What does a dolphin hear in the St. Johns River?

UNF researchers look into how human interaction impacts dolphins

During a boat ride on the St. Johns River you may hear a passing boat, maybe some industrial noise in the distance, but the overall experience is probably pretty relaxing.

Under the water, you will hear even less; silence.

But to the inhabitants of the St. Johns River it sounds a little louder. Well, incredibly loud; as loud as a rock concert!

In the recent years, the health of the dolphin population in this area has been decreasing, and so researchers at the University of North Florida are working to see the how the animals are affected by being inundated by noise for 24 hours a day. 

Clarissa King is a graduate student and a part of the research team that goes out multiple times a week to conduct their research. On their boat rides they document all dolphin sightings, collect a piece of equipment that sits on the bottom of the river floor recording sound, and make new recordings. 

“I’m really interested in looking at how human sounds are impacting the dolphins in the river," said King. As it turns out, human sounds are changing a lot about dolphins. King said that the dolphins in the St. Johns River are not as communicative as they could be.
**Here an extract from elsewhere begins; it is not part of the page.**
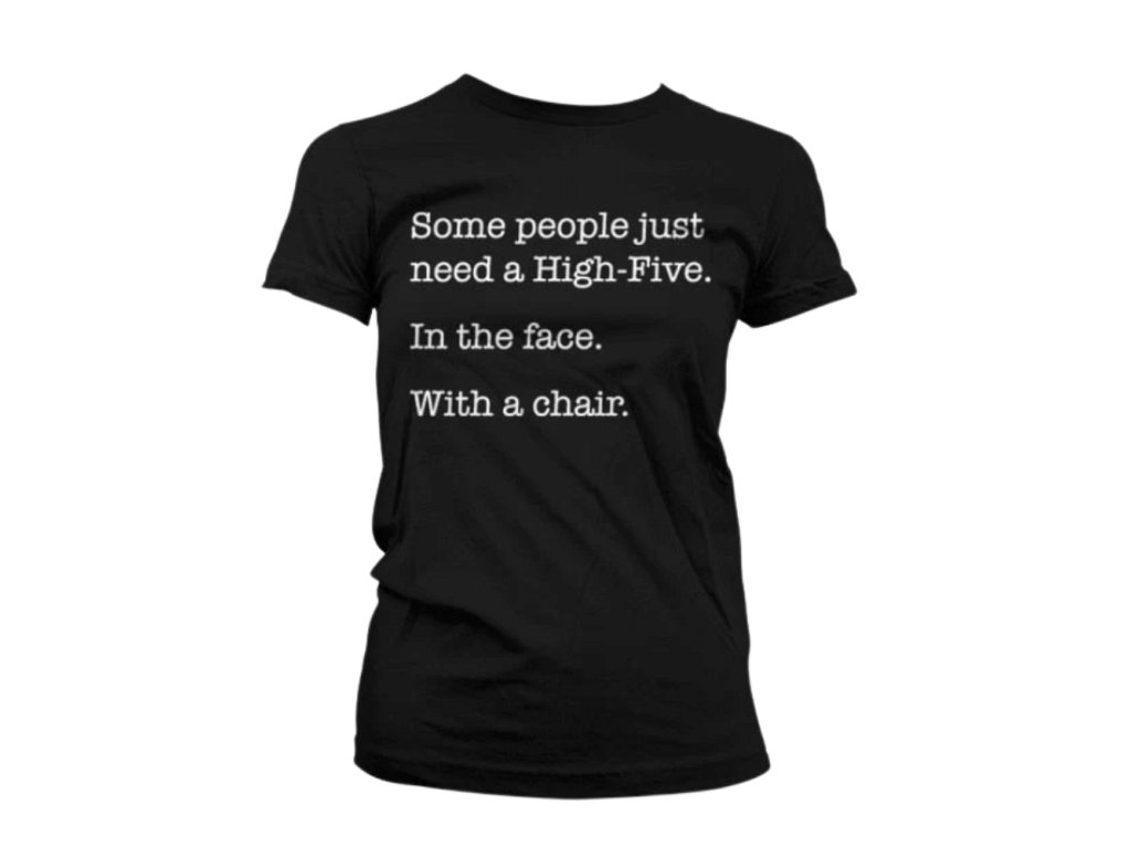 Niektorí ľudia jednoducho potrebujú placáka stoličiek do tváre! Dochádza ti trpezlivosť? Prejav sa týmto so sarkastickým tričkom Some People Just Need A High Five. Triko zaručene pobaví svojim nevšedným humorom, ale tiež poteší jednoduchým dizajnom. Jednoducho ideálny kúsok na rodinné oslavy, školské zrazy alebo na herné večery s priateľmi, ktorí si po rokoch stále neprečítali pravidlá obľúbenej platne. Povedz všetko dôležité jedným trikom!

They don't make a ton of noise because they would not be able to hear one another over the sound.

The noises they do make, however, are at a different frequency, so they can be heard over all the noise, when necessary.

When King puts her hydrophone (an extremely sensitive underwater microphone) under the water, a constant crackling can be heard. The sound is undetectable to the human ear, it is little shrimp doing a dance that creates a snapping noise that sounds like a soft static.

But louder noises can be heard too, like a boat in the distance, in fact, every boat in the distance and the metallic sounds of industrial work being done at shipping terminals and the Navy and Coast Guard stations.

This noise is encroaching on the habitat of the St. Johns River dolphins, morning, noon and night. 

“This research, and getting it out to the public is very, very important," said fellow grad student Amber Brown. She studies algae to see what is harming the wildlife in our rivers, but the grad students work together in their respective fields to try and learn all they can about our dolphin neighbors. 

At this time, the researchers are not sure what all this means for the local dolphin populations and whether it is a contributing factor to their decline in health. However, they documents everything they see and hear in hopes that it will bring them a step closer to understanding the dolphin populations and help keep them healthy.